(Dataset records)
►

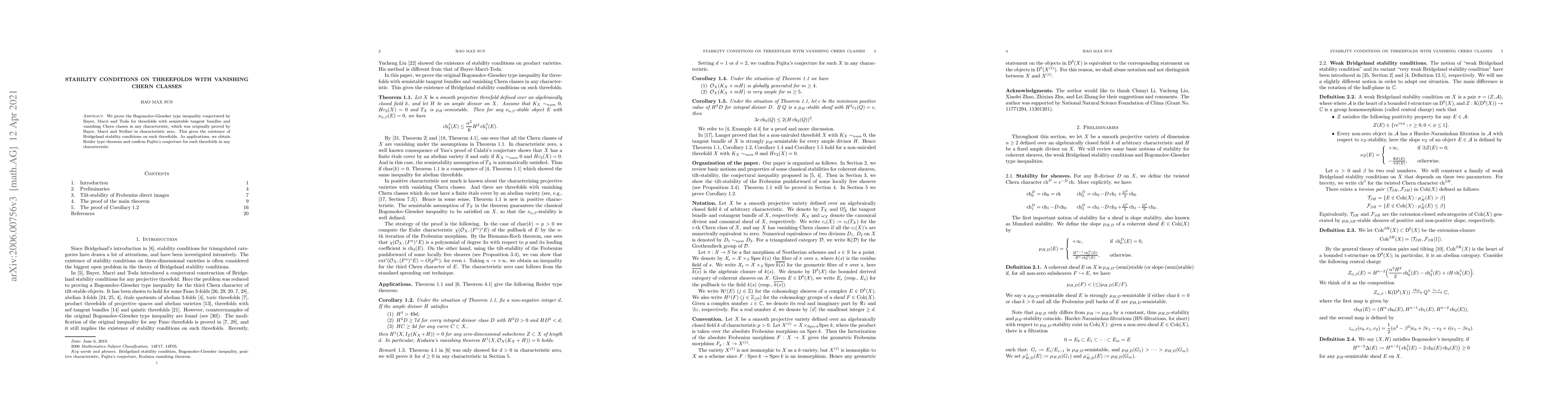 This paper proves the Bogomolov-Gieseker inequality for threefolds with semistable tangent bundles and vanishing Chern classes in any characteristic, establishing Bridgeland stability conditions. It also confirms Fujita's conjecture and Reider type theorems for these threefolds.
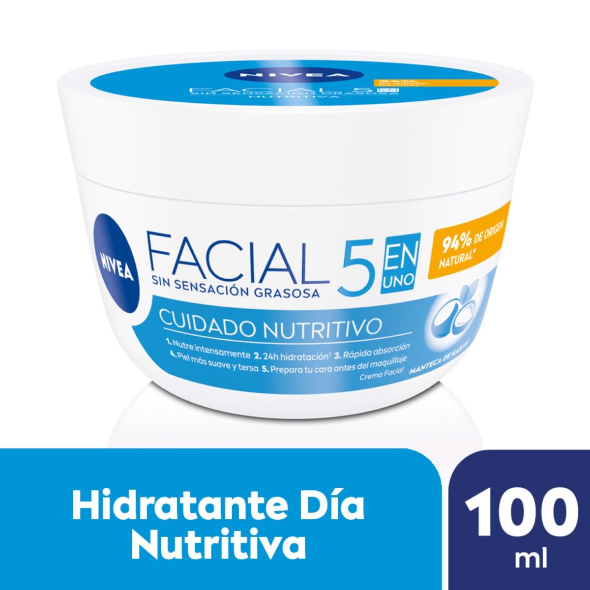 La Crema facial 7 en 1 NIVEA Cuidado Nutritivo nutre intensamente la piel sin dejar sensación grasosa. Después de dos semanas de uso regular, brinda 24 horas de hidratación profunda y duradera. Su fórmula contiene hidronutrientes que se absorben inmediatamente en la piel, dejándola suave y radiante. Está libre de parabenos, alcohol y el 94% de sus ingredientes son de origen natural. Es adecuada para todo tipo de pieles.
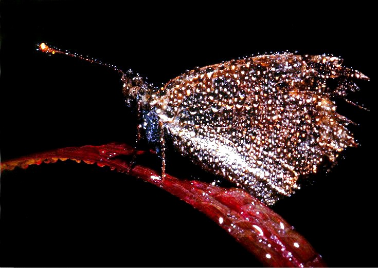 This is a very old slide image of an extremely dew covered butterfly, and is as you can see, a somewhat radical one. You can tell it is a flash picture and that was very intentional. I over used the flash to create a sparkle on every dew drop, and create a black background in order for those colors to pop. I thought a little creative vision was due in this shot. I intentionally did not use multiple flash to light the background. A natural light version of this picture has been published in Wisconsin Trails Magazine as a part of Jewels of The Morning. That was a portfolio of dew covered close-ups of mine that was once published in Trails. The natural version was also published “somewhere” else, but where, currently escapes me.
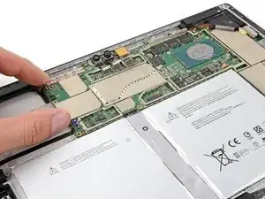 Если при сборке Surface Pro Вы устанавливаете новый аккумулятор, удалите карту сейчас.
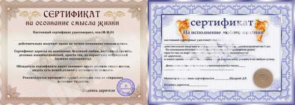 Как правило, такие сертификаты дарят исполнение желания, либо предоставляют разрешение что-нибудь сделать. Желание и разрешения вы можете вписывать на своё усмотрение.

◄

= Goal of the exercise =
Reproduce the entries exactly. Do not carry over any picture.

= Result of this exercise =
 This paper proves the Bogomolov-Gieseker inequality for threefolds with semistable tangent bundles and vanishing Chern classes in any characteristic, establishing Bridgeland stability conditions. It also confirms Fujita's conjecture and Reider type theorems for these threefolds.
 La Crema facial 7 en 1 NIVEA Cuidado Nutritivo nutre intensamente la piel sin dejar sensación grasosa. Después de dos semanas de uso regular, brinda 24 horas de hidratación profunda y duradera. Su fórmula contiene hidronutrientes que se absorben inmediatamente en la piel, dejándola suave y radiante. Está libre de parabenos, alcohol y el 94% de sus ingredientes son de origen natural. Es adecuada para todo tipo de pieles.
 This is a very old slide image of an extremely dew covered butterfly, and is as you can see, a somewhat radical one. You can tell it is a flash picture and that was very intentional. I over used the flash to create a sparkle on every dew drop, and create a black background in order for those colors to pop. I thought a little creative vision was due in this shot. I intentionally did not use multiple flash to light the background. A natural light version of this picture has been published in Wisconsin Trails Magazine as a part of Jewels of The Morning. That was a portfolio of dew covered close-ups of mine that was once published in Trails. The natural version was also published “somewhere” else, but where, currently escapes me.
 Если при сборке Surface Pro Вы устанавливаете новый аккумулятор, удалите карту сейчас.
 Как правило, такие сертификаты дарят исполнение желания, либо предоставляют разрешение что-нибудь сделать. Желание и разрешения вы можете вписывать на своё усмотрение.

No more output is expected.